The invention according to claim 3 is the invention according to claim 2 , wherein the connection portion between the stay vane and the valve outer peripheral surface is formed by a ring having a spherical shape with a convex vertical cross section, and the stay vane side is the inner surface. Each of the stay vanes is integrally fixed to a ring having a spherical shape having a concave vertical section. Thus, since each stay vane is integrally fixed to the ring whose inner surface has a concave spherical shape, the load by the valve can be dispersed efficiently and can act as a strength member.

The invention according to claim 4 is the invention according to claim 2 or 3 , wherein the vertical length of the ring-shaped spherical portion on the valve side is longer than the vertical length of the spherical seat on the stay vane side or the ring on the stay vane side. It is formed. Even if the position is changed in adjusting the misalignment of the valve, the spherical ring part on the valve side will be outside the upper and lower ends of the ring part on the stay vane side. Is possible. Therefore, a reliable adhesion can be ensured.

The invention according to claim 5 is the invention according to any one of claims 2 to 4 , wherein the center of the spherical surface formed at the connecting portion between the stay vane and the valve outer peripheral portion is located on the rotation center of the valve turbine. It is characterized by that. Therefore, the spherical contact portion is not displaced due to the movement of the valve turbine during the misalignment adjustment, and the fixing and positioning after the adjustment can be reliably performed.
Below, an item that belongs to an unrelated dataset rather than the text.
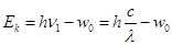 本题解析:光电效应就是光子能量克服引力把电子击出的过程,一部分能量被消耗掉最小值即逸出功,一部分转化为电子初动能最大即最大初动能。波长λ的入射光频率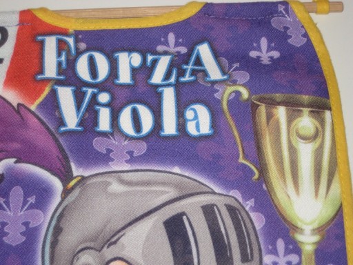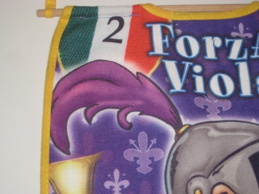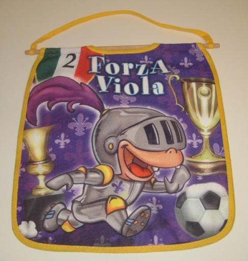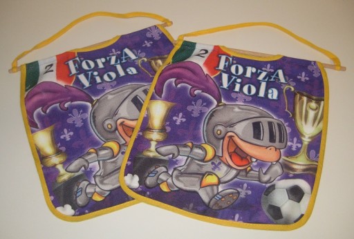 2 małe proporczyki na ścianę w barwach Fiorentiny. Przeróbka. Jednostronne. Wymiary: długość 27 cm, szerokość 24 cm. Używane. Stan jak na zdjęciach. Z Włoch. Cena za 2 szt.

The invention according to claim 6 is the invention according to any one of claims 1 to 5 , wherein the stay vane has a hollow structure, and the hollow structure of at least one of the stay vanes allows a person to enter and exit the valve from the outside. It has a space and is configured to serve as a communication passage. Thus, by making the stay vane into a hollow structure, the fastening member of the connecting portion between the stay vane and the base hardware can be attached and detached in a hollow space without coming out of the water surface, so that the work is easy and safe. .

The invention according to claim 7 is the invention according to any one of claims 1 to 6 , wherein the valve is configured by an upper valve incorporating a generator and a lower valve to which a stay vane is attached. The valve is detachably connected.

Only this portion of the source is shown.